Records excerpted from a collection »
- - - - -

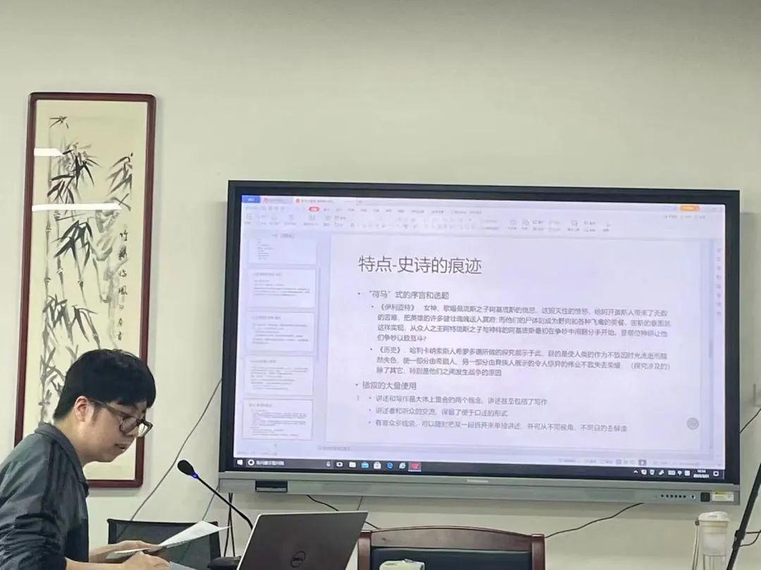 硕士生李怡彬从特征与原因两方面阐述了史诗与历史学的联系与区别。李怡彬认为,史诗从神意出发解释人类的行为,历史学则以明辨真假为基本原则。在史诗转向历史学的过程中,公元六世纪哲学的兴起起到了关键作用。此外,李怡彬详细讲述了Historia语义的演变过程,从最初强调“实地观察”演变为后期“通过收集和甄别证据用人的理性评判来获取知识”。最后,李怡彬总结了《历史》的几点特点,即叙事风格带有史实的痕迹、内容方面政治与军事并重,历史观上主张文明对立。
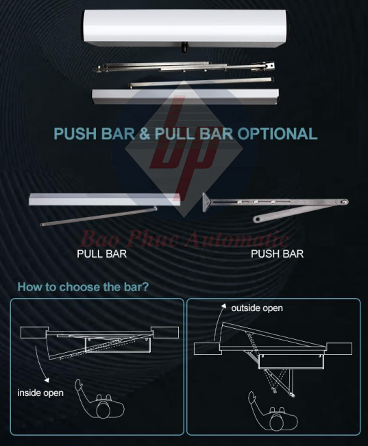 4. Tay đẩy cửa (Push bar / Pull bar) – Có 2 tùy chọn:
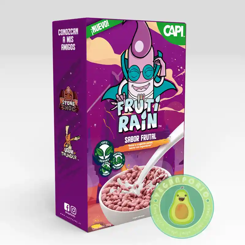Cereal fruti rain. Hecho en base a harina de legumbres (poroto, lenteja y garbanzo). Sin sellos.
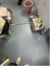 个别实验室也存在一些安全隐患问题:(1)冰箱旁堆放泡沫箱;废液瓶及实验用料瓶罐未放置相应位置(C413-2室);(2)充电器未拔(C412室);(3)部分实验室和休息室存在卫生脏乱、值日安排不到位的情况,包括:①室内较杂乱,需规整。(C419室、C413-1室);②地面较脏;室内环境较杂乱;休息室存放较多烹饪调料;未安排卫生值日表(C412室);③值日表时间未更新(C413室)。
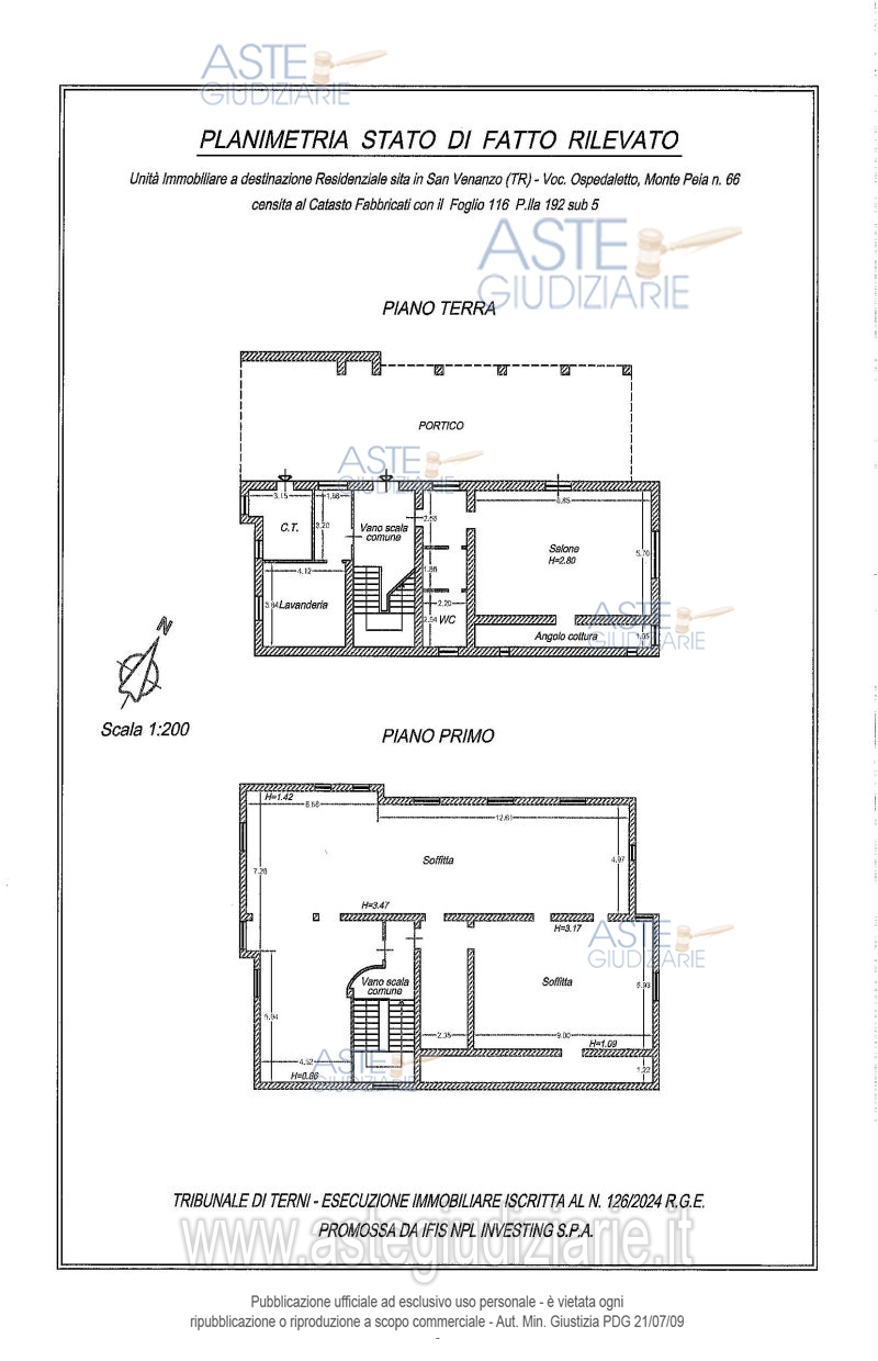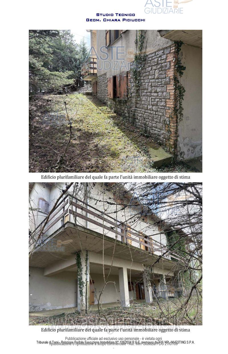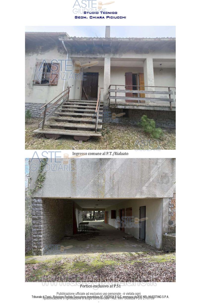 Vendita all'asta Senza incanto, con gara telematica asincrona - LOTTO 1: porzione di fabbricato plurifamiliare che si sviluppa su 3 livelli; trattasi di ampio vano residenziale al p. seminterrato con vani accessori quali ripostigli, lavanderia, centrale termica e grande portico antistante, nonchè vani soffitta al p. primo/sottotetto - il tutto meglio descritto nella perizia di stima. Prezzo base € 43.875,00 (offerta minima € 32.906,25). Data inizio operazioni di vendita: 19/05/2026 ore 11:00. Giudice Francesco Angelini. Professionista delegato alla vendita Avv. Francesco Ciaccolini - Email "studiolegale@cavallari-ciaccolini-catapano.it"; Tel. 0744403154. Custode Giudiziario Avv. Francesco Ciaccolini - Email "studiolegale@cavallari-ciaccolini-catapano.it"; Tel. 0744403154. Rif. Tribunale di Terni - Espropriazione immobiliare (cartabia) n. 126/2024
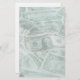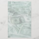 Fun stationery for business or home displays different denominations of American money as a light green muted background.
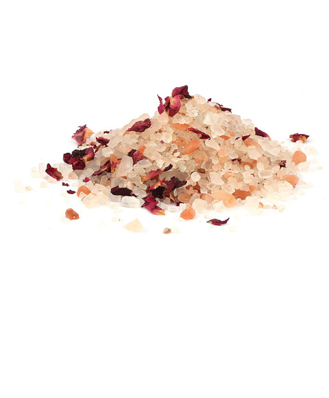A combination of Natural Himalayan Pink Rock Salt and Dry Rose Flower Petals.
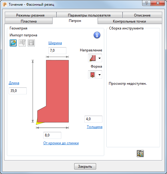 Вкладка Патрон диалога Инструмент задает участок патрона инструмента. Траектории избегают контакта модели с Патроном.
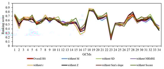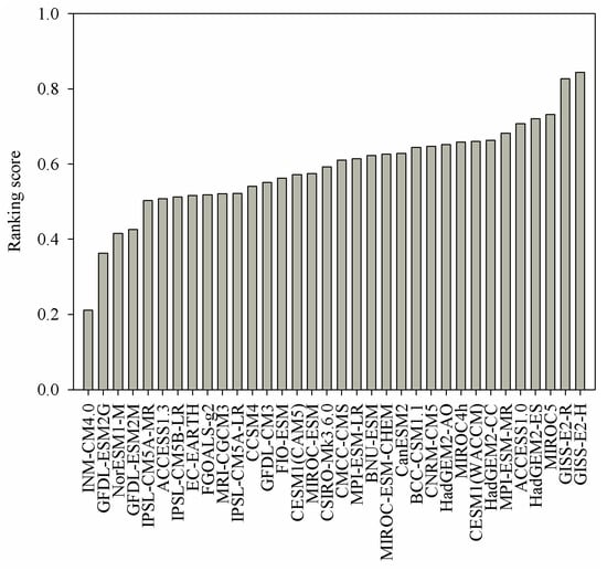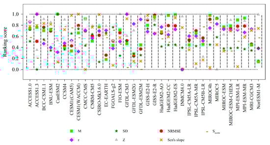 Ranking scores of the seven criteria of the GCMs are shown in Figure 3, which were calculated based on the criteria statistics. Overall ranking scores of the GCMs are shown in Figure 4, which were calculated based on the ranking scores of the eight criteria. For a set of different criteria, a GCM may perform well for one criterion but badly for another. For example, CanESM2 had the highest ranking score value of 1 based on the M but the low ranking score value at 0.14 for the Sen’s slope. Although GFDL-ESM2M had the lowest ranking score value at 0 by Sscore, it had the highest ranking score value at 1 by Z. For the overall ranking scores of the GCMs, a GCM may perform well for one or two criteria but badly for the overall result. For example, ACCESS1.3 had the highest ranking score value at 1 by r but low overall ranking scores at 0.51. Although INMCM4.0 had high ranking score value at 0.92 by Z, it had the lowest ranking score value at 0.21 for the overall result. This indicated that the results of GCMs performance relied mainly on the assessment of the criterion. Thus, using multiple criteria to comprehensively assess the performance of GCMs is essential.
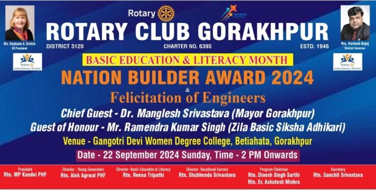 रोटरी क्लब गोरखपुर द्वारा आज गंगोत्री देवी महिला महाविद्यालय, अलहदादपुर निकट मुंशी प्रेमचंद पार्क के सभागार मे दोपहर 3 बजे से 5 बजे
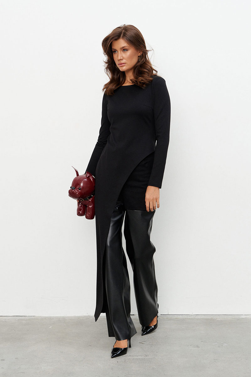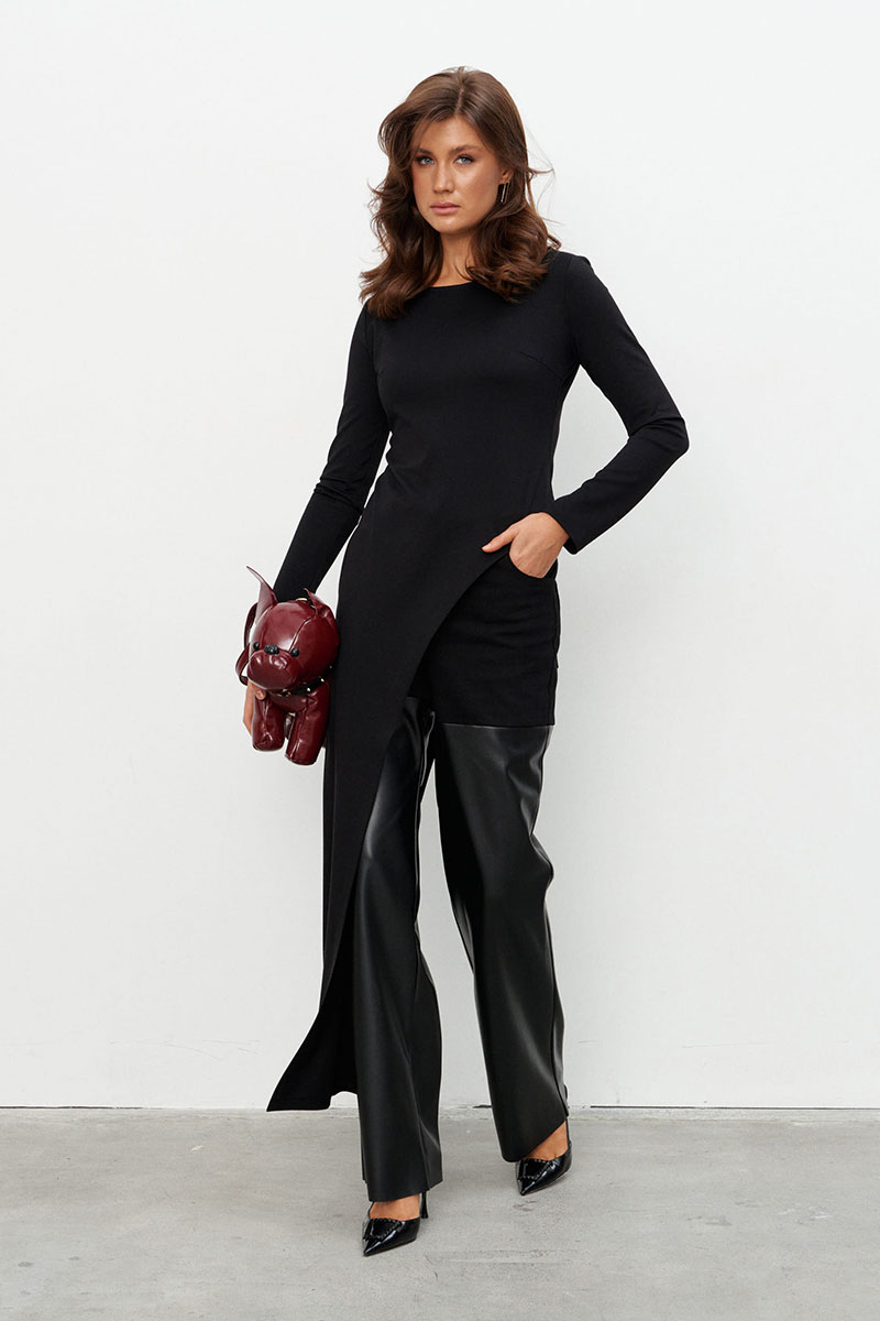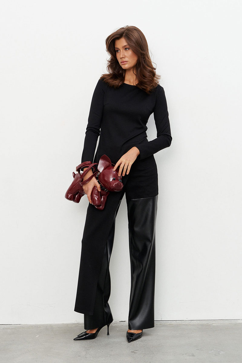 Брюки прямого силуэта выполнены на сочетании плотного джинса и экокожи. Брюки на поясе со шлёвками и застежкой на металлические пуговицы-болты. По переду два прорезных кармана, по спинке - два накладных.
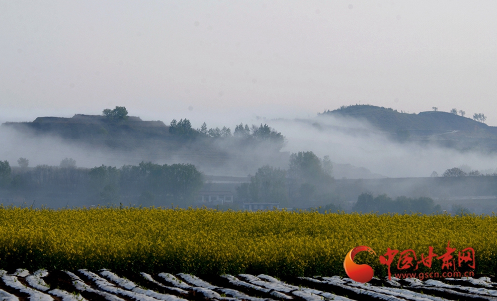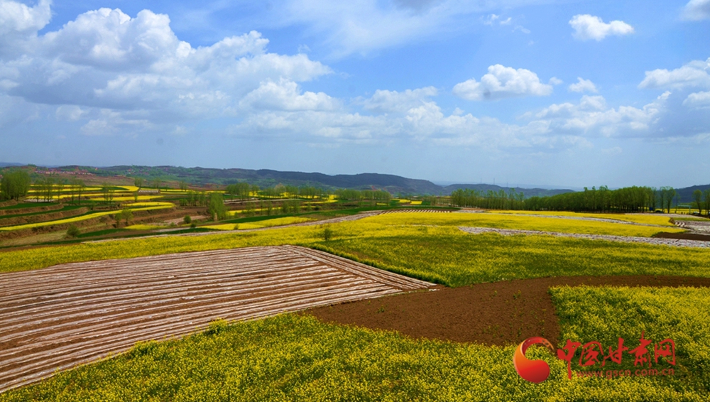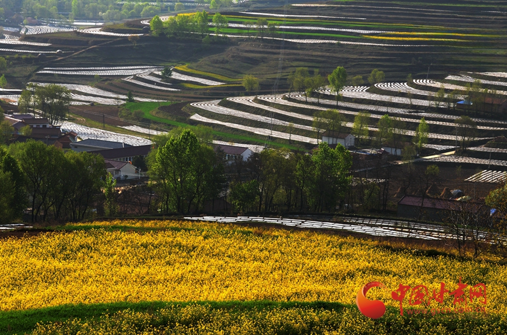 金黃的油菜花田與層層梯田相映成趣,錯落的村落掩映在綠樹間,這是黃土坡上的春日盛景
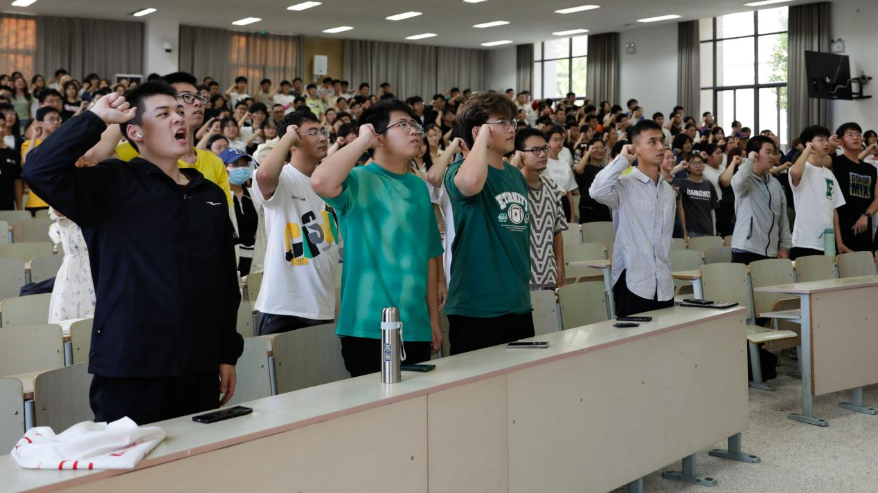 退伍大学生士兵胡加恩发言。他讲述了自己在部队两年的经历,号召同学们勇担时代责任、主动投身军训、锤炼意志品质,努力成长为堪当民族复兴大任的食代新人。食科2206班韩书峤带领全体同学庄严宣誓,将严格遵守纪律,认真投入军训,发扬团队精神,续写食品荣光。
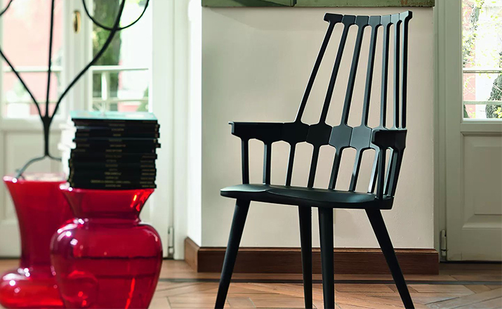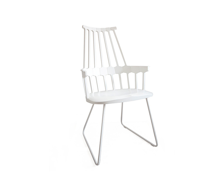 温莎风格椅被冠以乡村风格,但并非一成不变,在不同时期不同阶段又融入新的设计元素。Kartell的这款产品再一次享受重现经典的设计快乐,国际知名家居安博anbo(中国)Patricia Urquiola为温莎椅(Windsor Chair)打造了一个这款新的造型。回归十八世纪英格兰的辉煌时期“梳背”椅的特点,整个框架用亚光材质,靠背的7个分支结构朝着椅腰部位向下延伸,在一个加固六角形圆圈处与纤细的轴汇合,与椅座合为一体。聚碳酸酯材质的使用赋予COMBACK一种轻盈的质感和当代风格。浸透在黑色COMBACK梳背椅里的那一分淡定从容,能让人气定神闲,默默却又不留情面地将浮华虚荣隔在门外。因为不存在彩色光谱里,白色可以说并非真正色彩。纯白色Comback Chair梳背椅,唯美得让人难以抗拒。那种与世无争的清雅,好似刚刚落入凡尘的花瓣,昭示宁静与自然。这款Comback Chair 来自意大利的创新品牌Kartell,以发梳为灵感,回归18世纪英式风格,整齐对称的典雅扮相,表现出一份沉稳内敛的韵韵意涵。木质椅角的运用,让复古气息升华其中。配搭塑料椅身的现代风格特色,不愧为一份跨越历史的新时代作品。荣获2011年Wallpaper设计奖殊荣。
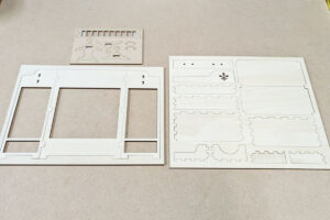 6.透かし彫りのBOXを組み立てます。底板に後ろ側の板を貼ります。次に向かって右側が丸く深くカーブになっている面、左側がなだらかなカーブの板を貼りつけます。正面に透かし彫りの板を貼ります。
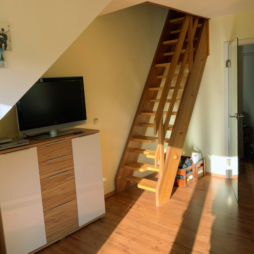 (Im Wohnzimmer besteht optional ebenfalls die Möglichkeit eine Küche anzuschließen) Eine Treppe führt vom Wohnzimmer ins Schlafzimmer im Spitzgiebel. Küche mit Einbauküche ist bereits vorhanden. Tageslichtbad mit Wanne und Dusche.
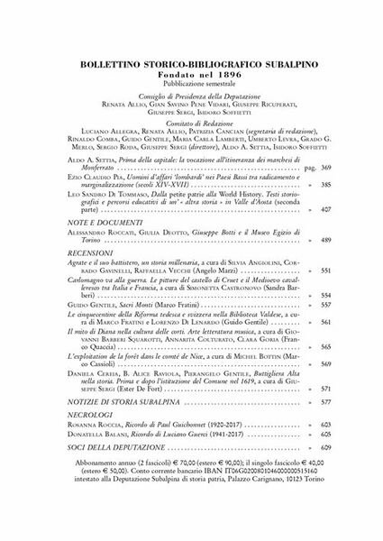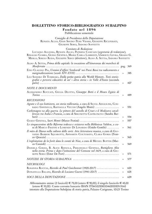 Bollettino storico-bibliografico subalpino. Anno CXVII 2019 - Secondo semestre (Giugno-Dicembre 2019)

- - - - -

Your goal »
The records above are to be transcribed word for word. Skip the images.

Answer section »
 硕士生李怡彬从特征与原因两方面阐述了史诗与历史学的联系与区别。李怡彬认为,史诗从神意出发解释人类的行为,历史学则以明辨真假为基本原则。在史诗转向历史学的过程中,公元六世纪哲学的兴起起到了关键作用。此外,李怡彬详细讲述了Historia语义的演变过程,从最初强调“实地观察”演变为后期“通过收集和甄别证据用人的理性评判来获取知识”。最后,李怡彬总结了《历史》的几点特点,即叙事风格带有史实的痕迹、内容方面政治与军事并重,历史观上主张文明对立。
 4. Tay đẩy cửa (Push bar / Pull bar) – Có 2 tùy chọn:
Cereal fruti rain. Hecho en base a harina de legumbres (poroto, lenteja y garbanzo). Sin sellos.
 个别实验室也存在一些安全隐患问题:(1)冰箱旁堆放泡沫箱;废液瓶及实验用料瓶罐未放置相应位置(C413-2室);(2)充电器未拔(C412室);(3)部分实验室和休息室存在卫生脏乱、值日安排不到位的情况,包括:①室内较杂乱,需规整。(C419室、C413-1室);②地面较脏;室内环境较杂乱;休息室存放较多烹饪调料;未安排卫生值日表(C412室);③值日表时间未更新(C413室)。
 Vendita all'asta Senza incanto, con gara telematica asincrona - LOTTO 1: porzione di fabbricato plurifamiliare che si sviluppa su 3 livelli; trattasi di ampio vano residenziale al p. seminterrato con vani accessori quali ripostigli, lavanderia, centrale termica e grande portico antistante, nonchè vani soffitta al p. primo/sottotetto - il tutto meglio descritto nella perizia di stima. Prezzo base € 43.875,00 (offerta minima € 32.906,25). Data inizio operazioni di vendita: 19/05/2026 ore 11:00. Giudice Francesco Angelini. Professionista delegato alla vendita Avv. Francesco Ciaccolini - Email "studiolegale@cavallari-ciaccolini-catapano.it"; Tel. 0744403154. Custode Giudiziario Avv. Francesco Ciaccolini - Email "studiolegale@cavallari-ciaccolini-catapano.it"; Tel. 0744403154. Rif. Tribunale di Terni - Espropriazione immobiliare (cartabia) n. 126/2024
 Fun stationery for business or home displays different denominations of American money as a light green muted background.
A combination of Natural Himalayan Pink Rock Salt and Dry Rose Flower Petals.
 Вкладка Патрон диалога Инструмент задает участок патрона инструмента. Траектории избегают контакта модели с Патроном.
 Ranking scores of the seven criteria of the GCMs are shown in Figure 3, which were calculated based on the criteria statistics. Overall ranking scores of the GCMs are shown in Figure 4, which were calculated based on the ranking scores of the eight criteria. For a set of different criteria, a GCM may perform well for one criterion but badly for another. For example, CanESM2 had the highest ranking score value of 1 based on the M but the low ranking score value at 0.14 for the Sen’s slope. Although GFDL-ESM2M had the lowest ranking score value at 0 by Sscore, it had the highest ranking score value at 1 by Z. For the overall ranking scores of the GCMs, a GCM may perform well for one or two criteria but badly for the overall result. For example, ACCESS1.3 had the highest ranking score value at 1 by r but low overall ranking scores at 0.51. Although INMCM4.0 had high ranking score value at 0.92 by Z, it had the lowest ranking score value at 0.21 for the overall result. This indicated that the results of GCMs performance relied mainly on the assessment of the criterion. Thus, using multiple criteria to comprehensively assess the performance of GCMs is essential.
 रोटरी क्लब गोरखपुर द्वारा आज गंगोत्री देवी महिला महाविद्यालय, अलहदादपुर निकट मुंशी प्रेमचंद पार्क के सभागार मे दोपहर 3 बजे से 5 बजे
 Брюки прямого силуэта выполнены на сочетании плотного джинса и экокожи. Брюки на поясе со шлёвками и застежкой на металлические пуговицы-болты. По переду два прорезных кармана, по спинке - два накладных.
 金黃的油菜花田與層層梯田相映成趣,錯落的村落掩映在綠樹間,這是黃土坡上的春日盛景
 退伍大学生士兵胡加恩发言。他讲述了自己在部队两年的经历,号召同学们勇担时代责任、主动投身军训、锤炼意志品质,努力成长为堪当民族复兴大任的食代新人。食科2206班韩书峤带领全体同学庄严宣誓,将严格遵守纪律,认真投入军训,发扬团队精神,续写食品荣光。
 温莎风格椅被冠以乡村风格,但并非一成不变,在不同时期不同阶段又融入新的设计元素。Kartell的这款产品再一次享受重现经典的设计快乐,国际知名家居安博anbo(中国)Patricia Urquiola为温莎椅(Windsor Chair)打造了一个这款新的造型。回归十八世纪英格兰的辉煌时期“梳背”椅的特点,整个框架用亚光材质,靠背的7个分支结构朝着椅腰部位向下延伸,在一个加固六角形圆圈处与纤细的轴汇合,与椅座合为一体。聚碳酸酯材质的使用赋予COMBACK一种轻盈的质感和当代风格。浸透在黑色COMBACK梳背椅里的那一分淡定从容,能让人气定神闲,默默却又不留情面地将浮华虚荣隔在门外。因为不存在彩色光谱里,白色可以说并非真正色彩。纯白色Comback Chair梳背椅,唯美得让人难以抗拒。那种与世无争的清雅,好似刚刚落入凡尘的花瓣,昭示宁静与自然。这款Comback Chair 来自意大利的创新品牌Kartell,以发梳为灵感,回归18世纪英式风格,整齐对称的典雅扮相,表现出一份沉稳内敛的韵韵意涵。木质椅角的运用,让复古气息升华其中。配搭塑料椅身的现代风格特色,不愧为一份跨越历史的新时代作品。荣获2011年Wallpaper设计奖殊荣。
 6.透かし彫りのBOXを組み立てます。底板に後ろ側の板を貼ります。次に向かって右側が丸く深くカーブになっている面、左側がなだらかなカーブの板を貼りつけます。正面に透かし彫りの板を貼ります。
 (Im Wohnzimmer besteht optional ebenfalls die Möglichkeit eine Küche anzuschließen) Eine Treppe führt vom Wohnzimmer ins Schlafzimmer im Spitzgiebel. Küche mit Einbauküche ist bereits vorhanden. Tageslichtbad mit Wanne und Dusche.
 Bollettino storico-bibliografico subalpino. Anno CXVII 2019 - Secondo semestre (Giugno-Dicembre 2019)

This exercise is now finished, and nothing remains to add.